İnsan hakları dünya çapında tehdit altında
Uluslararası Af Örgütü, 2023’de dünya çapında artan çatışmalara dikkat çekerken, çok sayıda ülkede uluslararası hukukun ve insan haklarının ayaklar altına alındığını da ifade ediyor. Uluslararası Af Örgütü’nün Genel Sekreteri Julia Duchrow’a göre, “Milliyetçi, ırkçı ve kadın düşmanı güçler dünya çapında zemin kazanıyor. Tüm insanlar için eşit haysiyet ve eşit hak değerleri, bu güçler tarafından saldırıya uğruyor.”

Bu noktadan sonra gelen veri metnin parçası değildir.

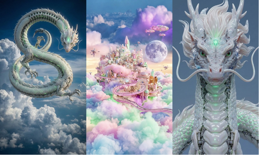 在复杂设定与多场景切换中,可灵AI稳定维持整体画风与视觉调性的统一,在保证艺人个体差异表达的前提下实现风格一致与美学连贯。无论是MV中“AI巨龙”的奇幻设定,还是艺人基于自我想象的AI形象设计,都能精准捕捉哇唧唧哇与艺人的创意构想,在视觉风格、叙事节奏、整体美学上保持高度同频。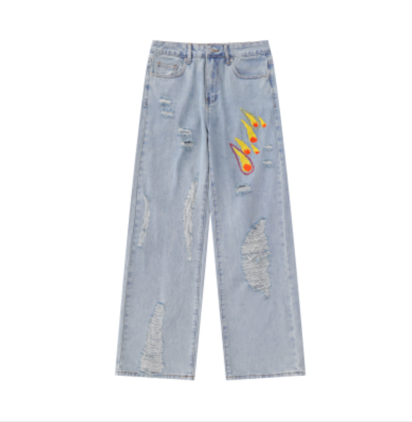 现货复古破洞牛仔裤女新款不规则设计感高腰显瘦阔腿拖地长裤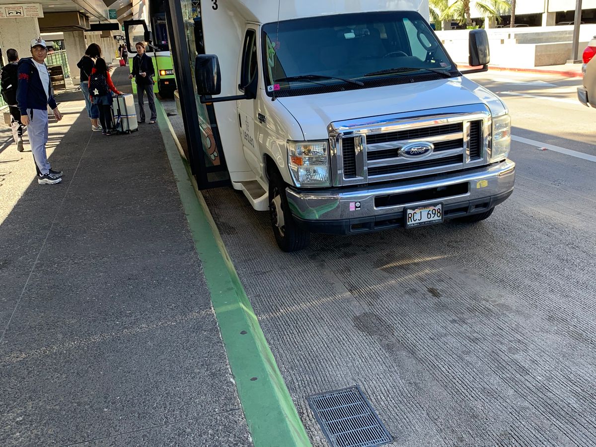 空港の長い行列のイミグレーションを抜け、空港の外もまたすごい混雑でしたが、なんとかデスクにたどり着き、そこからはスムーズに事が進みました。2階のシャトルデスクでナンバーを受け取り、番号が呼ばれシャトルバスに乗り、快適な運転でホノルル市内へ。宿泊予定のホテルは小さな宿舎でしたので、近くの大きなホテル前で降りました。それもドライバーさんが説明してくれ、親切でした。トランクを持っての一人旅はシャトルが一番と思います。

Özellikle Ukrayna, Gazze Şeridi ve Sudan’daki savaş ve çatışmaların insan haklarının evrenselliğinin devamı açısından büyük sorun oluşturduğunu ifade eden Durchow, “Çin’in Uygurlar’a karşı işlediği insan hakları suçları karşısında Batı’nın sessizliğini, büyüyen sosyal eşitsizliği ve ağırlaşan iklim krizini giderek artan bir tehlike olarak” tanımladı. Rusya-Ukrayna savaşı ve Gazze’de yaşananların gölgesinde kalan konuların da olduğunu kaydeden Durchow, Afganistan’da kadın haklarının durumunun, El Salvador ve Polonya’da toplumsal cinsiyet adaletinde yaşanan gerilemelerin ya da ABD’nin bazı eyaletlerinde kürtaja karşı sıkılaştırılan yasaların “tehlikeli ve az konuşulan eğilimler” olduğunu belirtti.

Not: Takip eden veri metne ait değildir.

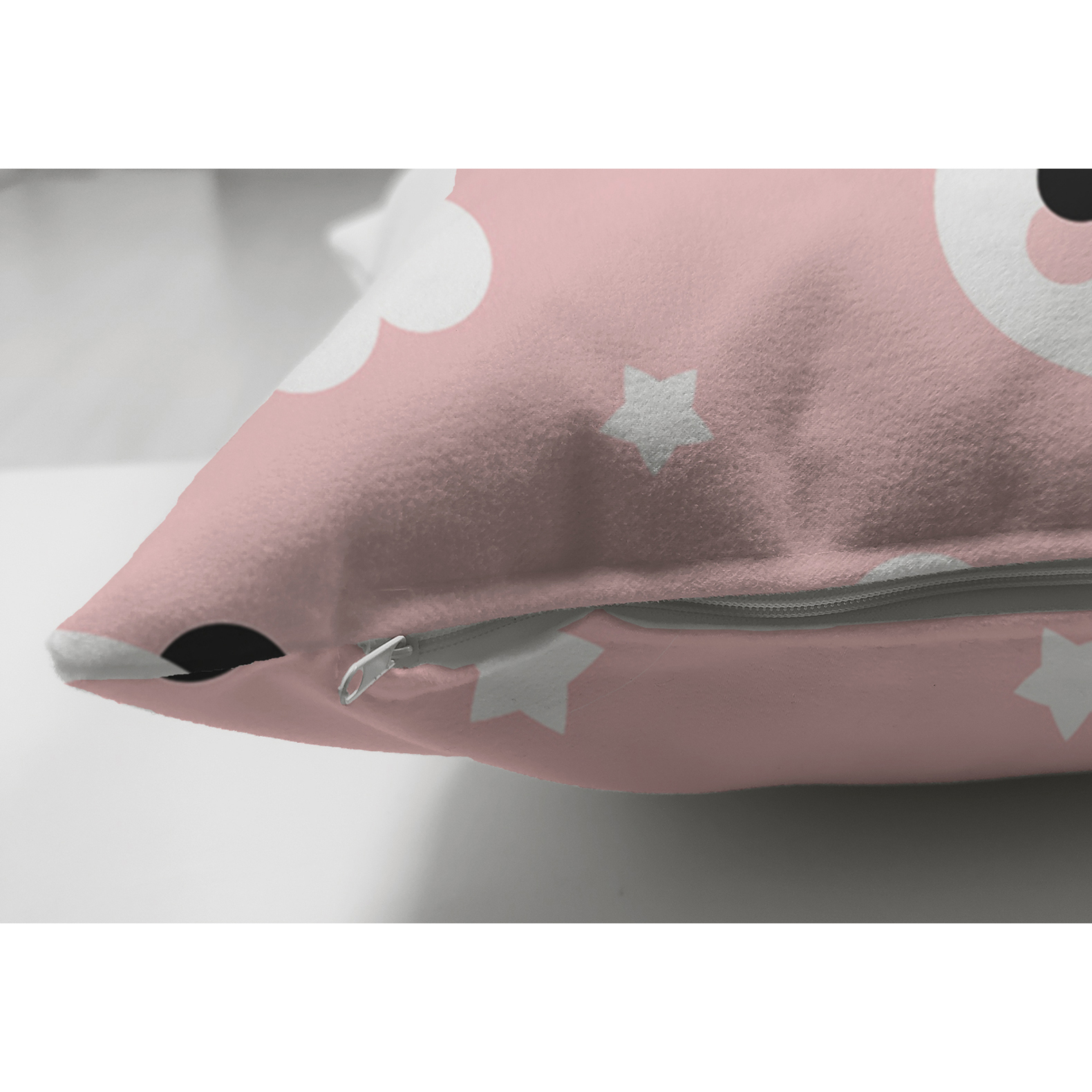 Çift Taraflı Pembe Zeminli Panda Resimli Dijital Baskılı Süet Kırlent Kılıfı Realhomes

Almanya’ya İsrail konusunda sert eleştiri
Uluslararası Af Örgütü yıllık raporunda, İsrail-Hamas çatışması ve sonuçlarına da geniş yer ayırıyor. Raporu Berlin’de değerlendiren örgütün Almanya şubesi Genel Sekreteri Julia Duchrow’a göre, Hamas ve diğer silahlı gruplar 7 Ekim’de İsrail’e yönelik saldırılarıyla savaş suçu işlediler. “Hiçbir şey oradaki kurbanların acılarını hafifletemez” diyen Durchow, “Bununla birlikte, İsrail’in askeri operasyonu Gazze’de orantısız bir saldırıya dönüştü ve sonuçta ülke, sayısız savaş suçu işledi ve uluslararası hukuku ihlal etti” şeklinde görüş belirtti
Raporun bu bağlamda eleştirdiği bir nokta, Batılı ülkelerin, özellikle de Almanya’nın konuya yaklaşımında çifte standart hakim olması. Alman hükümetinin İsrail ordusu tarafından işlenen savaş suçlarından hiç bahsetmemesini eleştiren örgüt, ayrıca Almanya’da Filistin yanlısı gösterilere yönelik önleyici genel yasakları da gündeme getirerek, bu tutumu, toplanma özgürlüğü hakkının ihlal ettiği gerekçesiyle eleştiriyor. Örgüt ayrıca Filistin’le dayanışma gösterilerinde yaşanan polis şiddetini de eleştiriyor. Almanya’ya yönelik bir diğer eleştirisi ise, Alman hükümetinin İsrail’e silah satması.
Hükümetin silah tedarikini durdurması çağrısında bulunan örgüt “Savaş suçları ya da insan hakları ihlallerinin işlenmesi riski varsa, İsrail’e ve çatışma halindeki diğer ülkelere silah tedarik edilmemelidir” şeklinde bir değerlendirme yapıyor.